Affluence and Mission
Recently read an article in a mission’s journal Suzy gets once in a while, about the affluence ethic among missionaries, the article actually wasn’t very useful, but it did help me to know that others were dealing with the same issues I am regarding funds. The author mentioned that it was a struggle for him to go to a foreign country expecting to bring spiritual food, and he found himself half the time dealing with physical problems and issues of others. While helping others is something I like to do, I did not really anticipate the amount of stress and time I would be piling into wondering whether to help people out or not.
I had nice lesson in giving at church this past Sabbath. I recently asked a church member who is a single mom with two children to help me on Monday mornings by coming and doing laundry and some cleaning for me. She is out of work and agreed to do so. I pay a little more than the going rate because I know of her need. At church I happening to sit in the same row as her, but across the aisle. I had my tithe for three months stipend in an evenlope to put in the offering plate. I glanced across the aisle and saw the lady wrapping up some coins in paper for tithe too. I didn’t see how much but I was sure it was tithe for what I had given her that week. That small sum was all she received yet she faithfully tithed it.

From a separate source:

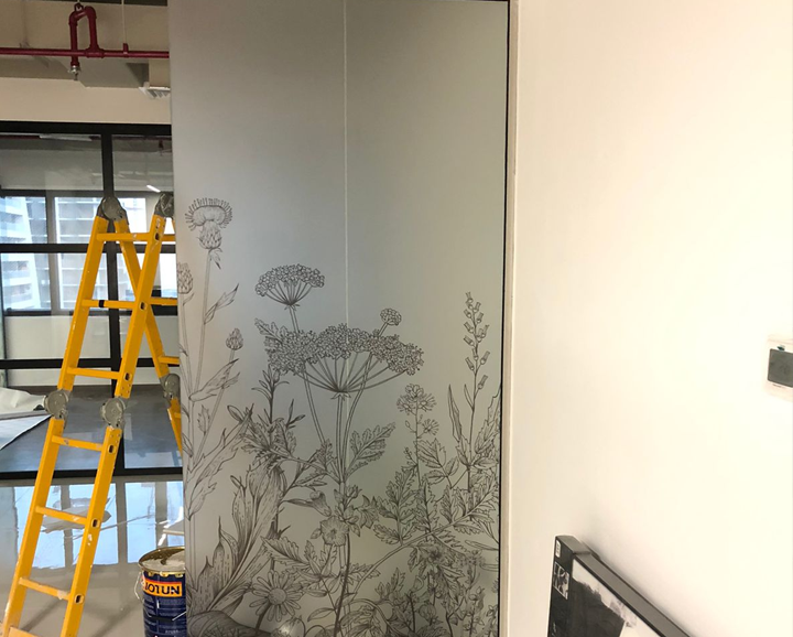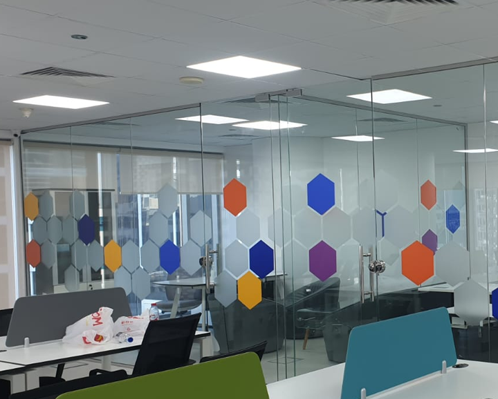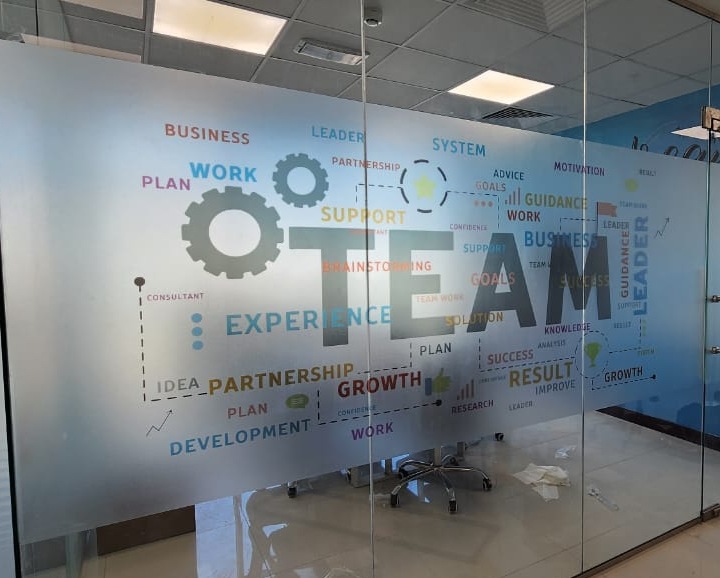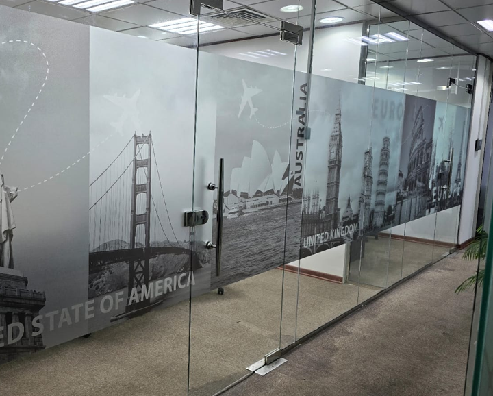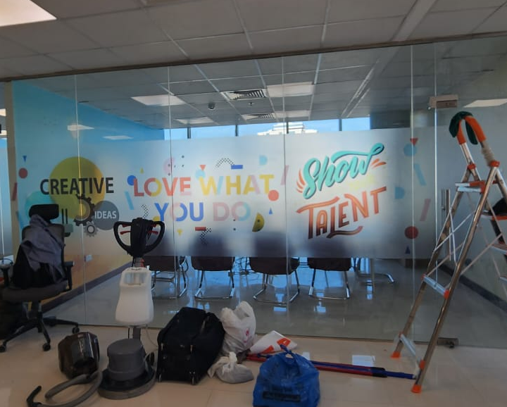 We provide complete branding solutions including wall branding, window graphics, signage, event branding, and print materials.

It was a widow with two mites experiences, and although I am glad that I did feel bad because I was showing off my wealth, it did humble me to understand and realize her sacrifice, and how blessed I am to bless others with what I have.
It was good to have that experience because what awaited me would challenge my giving compassion! In the afternoon, I stopped by the house of some friends. They had asked before I left on “furlough” to see if I could find them some money for a building project they wanted to do, a toilet to be exact. I said I would try, and in the end, my grandma gave me some money and I offered them a portion of that upon my return. Well unfortunately, I did communicate properly the exact amount, and they expected more than I had said. Well that misunderstanding aside they still had some a problem with the dimensions of the outhouse I and a friend had proposed. Since I know nothing about toilets I asked a friend to help me with the details, apparently the friends for whom the project was destined did not appreciate this leak of information, they wanted it to be between us, well a lesson learned for the future. In any case, they thought the toilet proposed was too small, they wanted a larger hole, and deeper one too. Now I and my friend had planned a toilet that would use up the money I had to give, and thus be usable, but my friends wanted a bigger toilet, which the money would not be nearly enough to finish the job. I tried to persuade them that it would be better to just build a small one (big enough already for them all), and have it done. No they wanted the big one and even if the money ran out, they’d find a way to get it done. Well it was there toilet, but it was frustrating. It’s hard when beggars become choosers. Surely these friends are not beggars, but still they asked for this, I gave them a gift and they are telling me how I should give it. Some other friends advised that I should be a bit more firm and I went back to tell them, that this was not acceptable to dictate how a gift is given. Then felt that everyone was being unfair, and was against them. They lost their mother a few years ago and thus have had a rough time added with their father who is not very healthy. But now this is growing into a martyr’s complex, they are being persecuted they believe, when I am saying that no one is perfect we all have faults and this is one for them. No one is saying they are bad people.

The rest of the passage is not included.